Но Андре Базильсон ничуть не обиделся на подобную вольность. Вот ведь, благородные – а забавляются, будто с ровней! Видать, люди шибко хорошие. Везет ему, Виту, на хороших людей!
«Хорошие люди» тем временем совсем разошлись. Затеяли кидаться друг в дружку мокрой галькой. Чисто огольцы в Запрудах. Как-то так само собой вышло, что скоро вся галька полетела в Вита – вертись-поспевай! Вит сперва боялся, а там приноровился. Даже разок в ответ засветил в лоб доброму Андре. А челяди ихней – и не раз! Игра все-таки…
Молодым козленком он скакал по пляжу, не замечая, что в него летит уже не галька, а изрядные каменюки. Заметил только, когда вдруг понял: не увернуться. Корявый обломок песчаника ввинтился в воздух едва ли не со свистом; Виту показалось, что душа от страха выскочила через макушку. Глупая, насмерть испуганная душа трепетала в лучах солнца, готовясь улететь насегда, а тело, оставшись без души, вдруг разучилось бояться. Просто не знало, как это делается. Телу было хорошо, телу было весело, тело дышало, играло, жило, тело сжимало кулаки странными, угловатыми шишками, заставляя руки плясать в обнимку с медленным, ленивым, неуклюжим камнем: два ткацких челнока взбесились, заметались – туда-сюда-обратно, туда-сюда-обратно… майская гроза, дробь по крыше…
Душа ахнула и упала.
Вит сидел на песке. Кашлял. Моргал. Кругом валялись каменные осколки. Один больно врезался в тощую ягодицу. Надо бы встать или просто подвинуться, да кашель, пакость этакая, одолел.
Костя Новоторжанин с уважением качнул кудлатой головой:
– Ишь ты!
– Бу! бу-у! – азартно рявкнул Якун Базильсон, выворачивая из песка глыбу с самого Вита размером.
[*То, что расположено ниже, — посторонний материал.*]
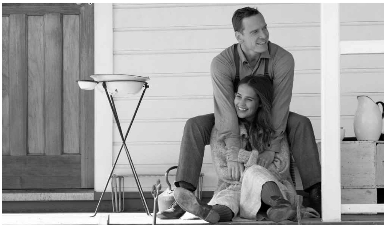
Melodrama um Weltkrieg, Fehlgeburt und andere Lügen: „The Light Between Oceans“, neu im Utopia und Utopolis Kirchberg.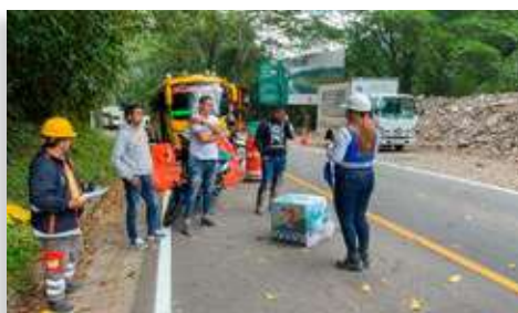
Sensibilización de seguridad vial dirigida a transportadores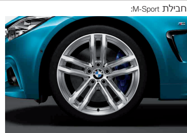
חישוקי סגסוגת קלה "19" דגם Double-Spoke style 704M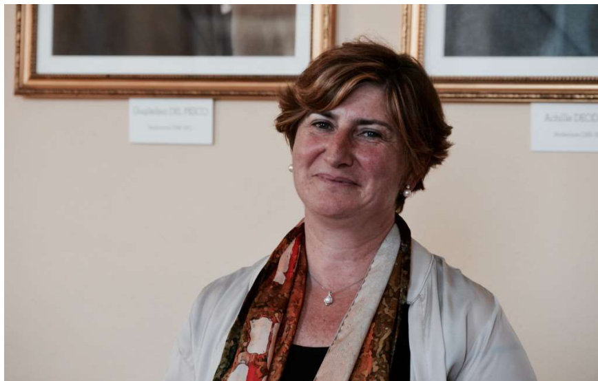
Alessandra Trotta, nueva Moderadora de la Iglesia Valdense de Italia.

FUENTE: Iglesia Protestante Unida de Francia. Torre Pelice, Italia. Septiembre 3, 2019. El Sínodo de la Iglesia Valdense cerró en esta localidad de Italia el 31 de agosto con el anuncio del nombramiento de su nueva moderadora [Presidente: N. de la R.], Alessandra Trotta, a la cabeza de la Iglesia Valdense.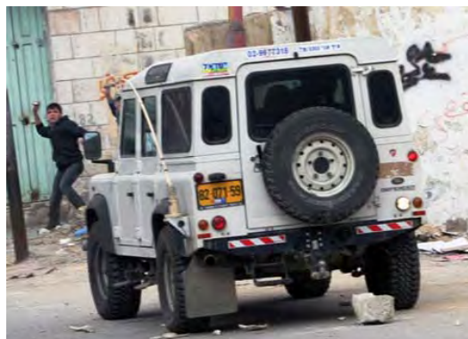
Manifestants à Hébron jetant des pierres sur un véhicule de Tsahal (Agence de presse Wafa, 22 février 2010)

■ Cette semaine, des manifestations et des émeutes ont été signalées suite à la décision d'inclure le Caveau des Patriarches et le Tombeau de Rachel sur la liste des sites du patrimoine national. La plupart des émeutes et des manifestations ont eu lieu à Hébron, mais d'autres événements ont été signalés ailleurs en Judée-Samarie et dans la bande de Gaza. Ci-dessous les principaux incidents de Hébron :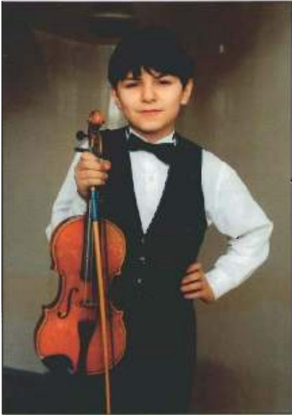
Скрипач Арнольд Авдалян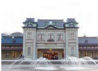
福岡県北九州市門司区西海岸1-5-31

門司駅の2代目駅舎として、大正3(1914)年に建築された木造モルタル塗の建物。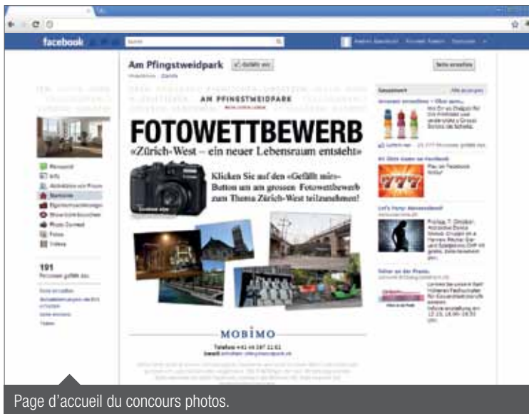
Page d'accueil du concours photos.

Une promotion attrayante a permis de gagner des «fans» pour le projet et la page de fans. Des Ads Facebook ont invité les utilisateurs à poster des photos du quartier «Zürich West». Les photographes ont eu la possibilité d'inviter leurs amis à voter, et la photo ayant obtenu le plus de voix a gagné le premier prix.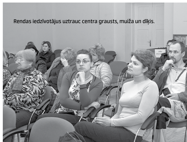
Rendas iedzīvotājus uztrauc centra grausts, muiža un dīķis.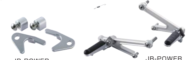
JB-POWER アルミ削り出し レーシングスタンドフック ¥10,000.- (税別)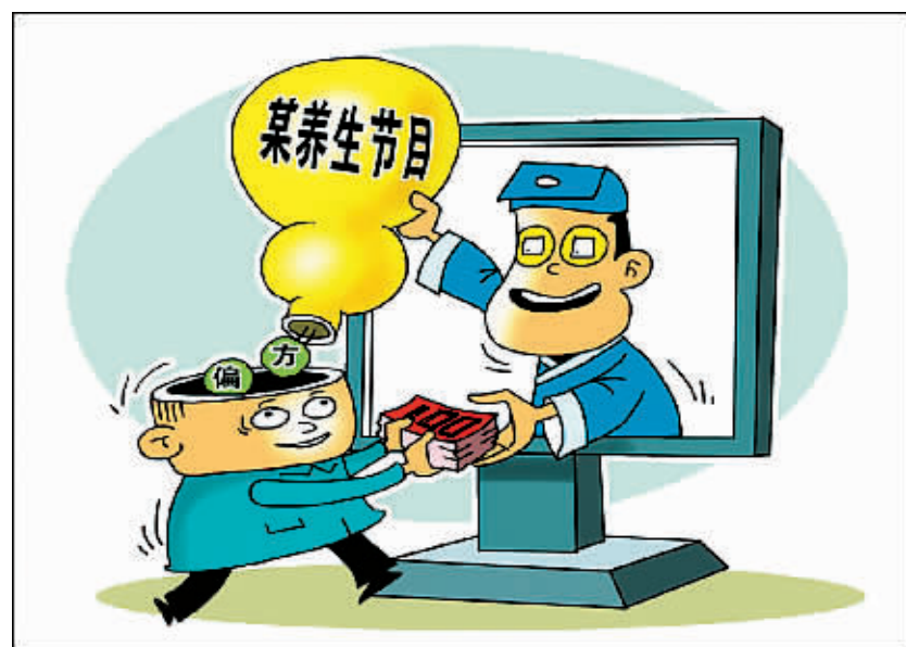
养“生意” 朱慧卿 作

16日16时48分，河南卫视播出“健康就好”节目。主讲人王涛博士在节目中声称，糖尿病根本上是肝脏有问题，糖尿病可以通过摄取营养素来调理治疗。资料显示，自2012年开播以来，这档节目已在江西、云南、四川、青海等10多家卫视播出过。尽管其“营养调理”理论是否科学有待论证，但该节目的营销目的却显露无疑。该节目中不时播出提示：报名可以接受王涛博士远程调理，栏目热线“4001-899-899”。记者拨打该热线，发现是“健康就好”王博士吉林服务中心。客服人员说，节目在各电视频道播出时留的热线电话不一样，但都会接入位于吉林省吉林市的服务中心。“客户接受营养调理，先要加入会员，每年收360元的服务费和调理方案费；营养素目前由服务中心统一订购，厂家直接发货。”这位客服人员说，因为营养素来自10多个厂家，统一订购是为方便会员、保证质量。记者调查发现，类似的养生节目屡见不鲜。某些时候的下午时段，地面频道则更多。节目大多采用健康讲座、专家咨询的方式传授所谓养生知识，然后穿插蜂蜜、天山雪莲、花粉等各式各样的产品介绍。一位业内人士透露，目前不少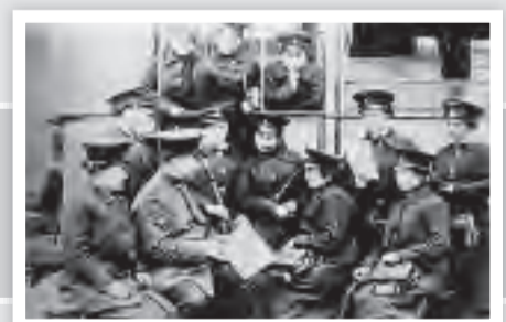
Personal der Kreis Ruhrorter Straßenbahn im ersten Weltkrieg 1914/18. Nur Frauen, die Männer waren eingezogen.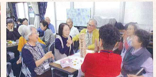
認知症の方が集うサロンの開催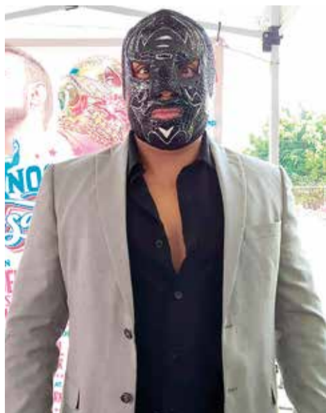
MÁSCARA AÑO 2000 Jr.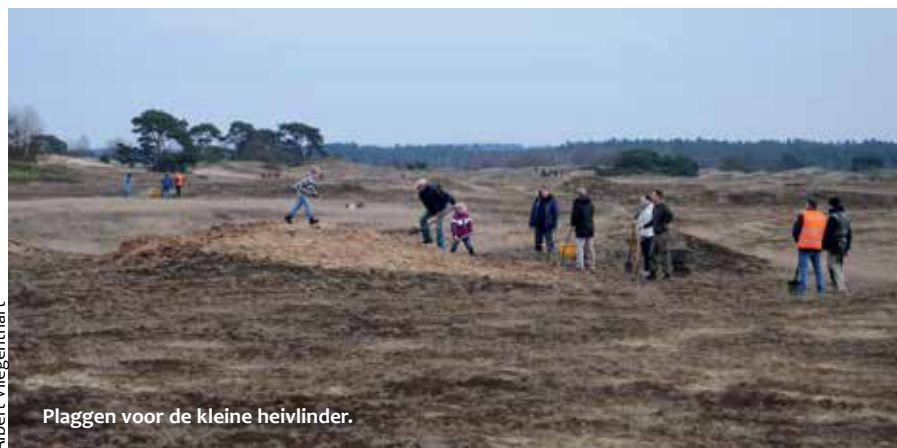
Plaggen voor de kleine heivlinder.

Мальчишка задушенно пискнул и бросился наутек.
Грянул дружный хохот.
– Стой, Виталя! – донеслось вдогонку. – Вертайся! они ж шутейно!..
Вит с опаской покосился через плечо. Обнаружил, что никто в него больше ничем не швыряется, а мейстер Филипп приветливо машет рукой. И, слегка пристыженный, повернул обратно.
Шуточки у них, у лбов заморских!..
Душегуб очень внимательно смотрел, как малыш возвращается. Даже улыбаться забыл. Именно сейчас Филипп ван Асхе с обжигающей остротой почувствовал: дело сладится. Как задумывал, так и сладится. С девицей (
Сладится тело.
Теперь видно.
L
Нашествие гостей оставило фратера Августина равнодушным. Работа над переводом всецело поглотила цистерцианца – не воздав должного роскоши завтрака, он поспешил тихонько удалиться. Однако в библиотеке монаха ждал сюрприз. Над столом с грудой фолиантов склонилась долговязая фигура незнакомца. Белая, вышитая золотом риза. Святой паллиум, закрепленный булавками, чьи головки – гиацинты. Тиара в виде тройной короны. Сердце екнуло: не может быть! Сон, греза! бред!.. Память услужливо шепнула голосом мейстера Филиппа: «…если здесь кто-нибудь объявится, сохраняй спокойствие…» Как же, сохраняй! Легко ему, Душегубу, советовать, когда…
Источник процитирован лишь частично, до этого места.